### Instructions for the task
Where a line below holds the string "salon", copy that line.

### Supplied entries
=== Section Start ===

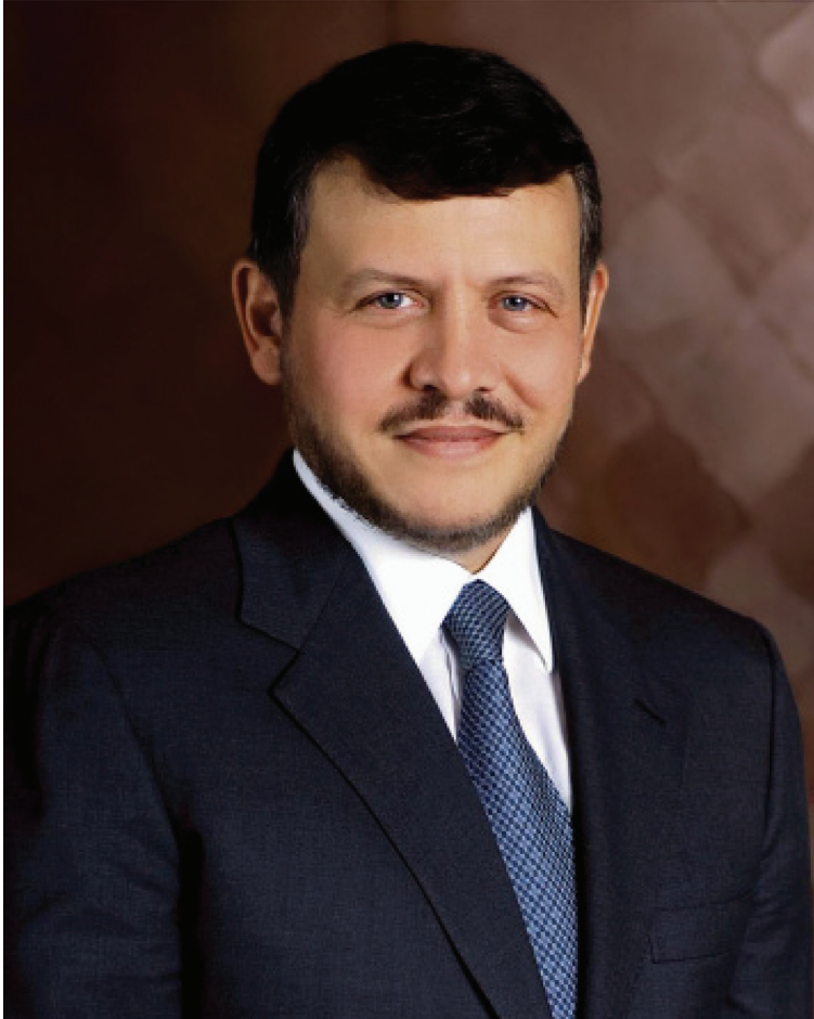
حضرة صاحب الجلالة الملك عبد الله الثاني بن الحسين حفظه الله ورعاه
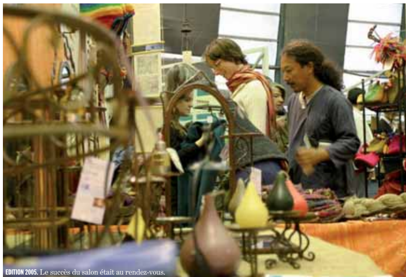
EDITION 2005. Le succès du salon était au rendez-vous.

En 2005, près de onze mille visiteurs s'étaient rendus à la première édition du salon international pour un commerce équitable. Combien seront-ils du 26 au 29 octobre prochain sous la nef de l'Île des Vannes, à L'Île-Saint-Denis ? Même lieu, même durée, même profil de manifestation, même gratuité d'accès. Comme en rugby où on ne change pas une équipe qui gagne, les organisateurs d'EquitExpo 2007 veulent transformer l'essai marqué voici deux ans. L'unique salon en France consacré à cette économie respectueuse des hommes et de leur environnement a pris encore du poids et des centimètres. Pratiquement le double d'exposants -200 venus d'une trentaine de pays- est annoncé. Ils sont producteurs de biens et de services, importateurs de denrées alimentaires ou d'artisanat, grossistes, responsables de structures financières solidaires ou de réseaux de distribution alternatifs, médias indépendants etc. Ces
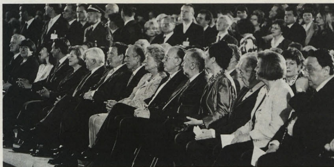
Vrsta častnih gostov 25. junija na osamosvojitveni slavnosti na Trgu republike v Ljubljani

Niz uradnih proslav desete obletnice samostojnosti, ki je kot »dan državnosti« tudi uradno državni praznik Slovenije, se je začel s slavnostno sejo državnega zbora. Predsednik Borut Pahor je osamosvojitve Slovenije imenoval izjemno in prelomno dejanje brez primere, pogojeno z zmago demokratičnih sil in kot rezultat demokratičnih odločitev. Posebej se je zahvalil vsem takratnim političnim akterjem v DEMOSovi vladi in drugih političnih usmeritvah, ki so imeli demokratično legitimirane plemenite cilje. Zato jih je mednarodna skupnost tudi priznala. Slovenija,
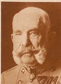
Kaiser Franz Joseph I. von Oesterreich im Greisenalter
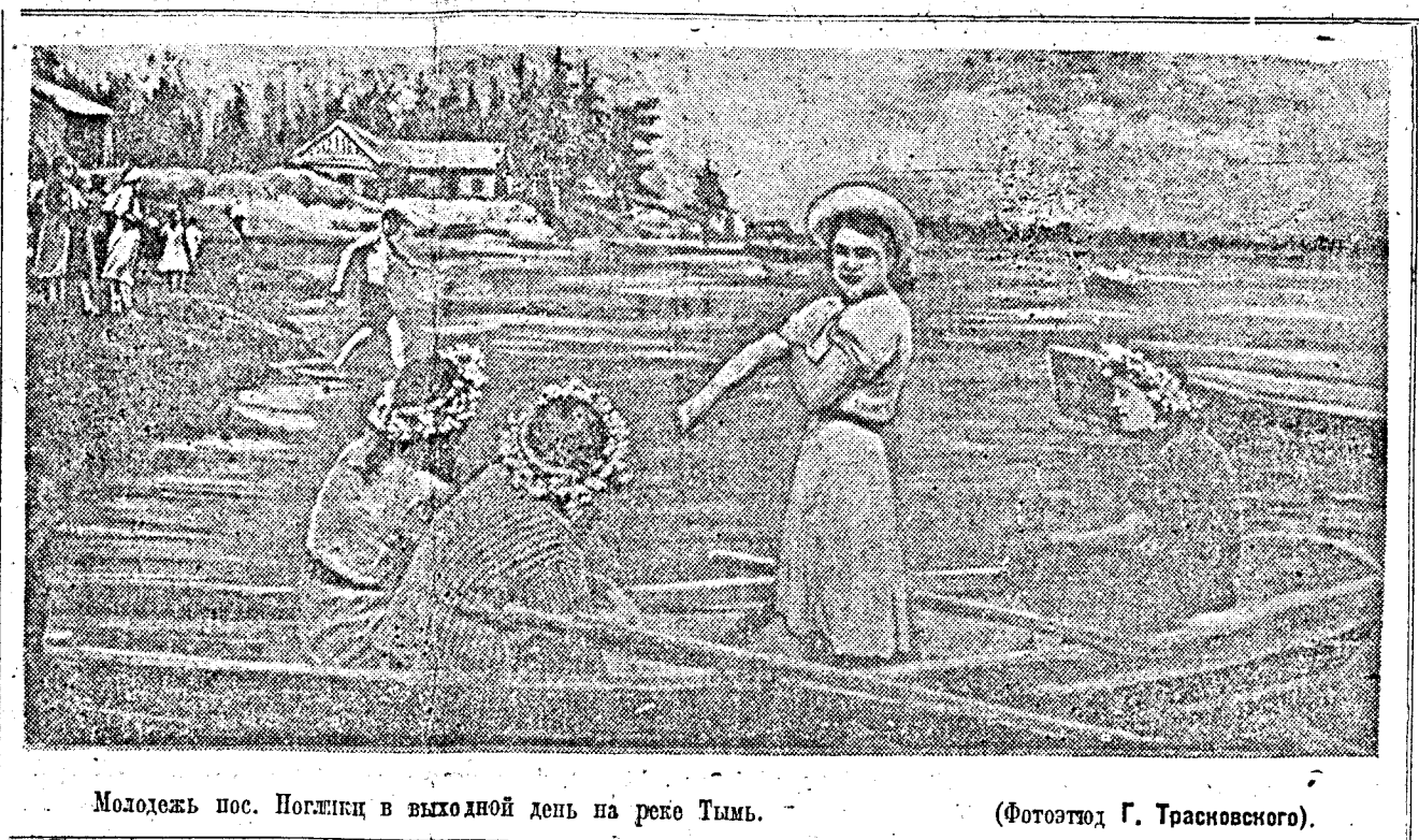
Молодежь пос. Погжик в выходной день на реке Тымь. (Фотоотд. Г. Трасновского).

=== Section End ===

### Output for this task
EDITION 2005. Le succès du salon était au rendez-vous.
En 2005, près de onze mille visiteurs s'étaient rendus à la première édition du salon international pour un commerce équitable. Combien seront-ils du 26 au 29 octobre prochain sous la nef de l'Île des Vannes, à L'Île-Saint-Denis ? Même lieu, même durée, même profil de manifestation, même gratuité d'accès. Comme en rugby où on ne change pas une équipe qui gagne, les organisateurs d'EquitExpo 2007 veulent transformer l'essai marqué voici deux ans. L'unique salon en France consacré à cette économie respectueuse des hommes et de leur environnement a pris encore du poids et des centimètres. Pratiquement le double d'exposants -200 venus d'une trentaine de pays- est annoncé. Ils sont producteurs de biens et de services, importateurs de denrées alimentaires ou d'artisanat, grossistes, responsables de structures financières solidaires ou de réseaux de distribution alternatifs, médias indépendants etc. Ces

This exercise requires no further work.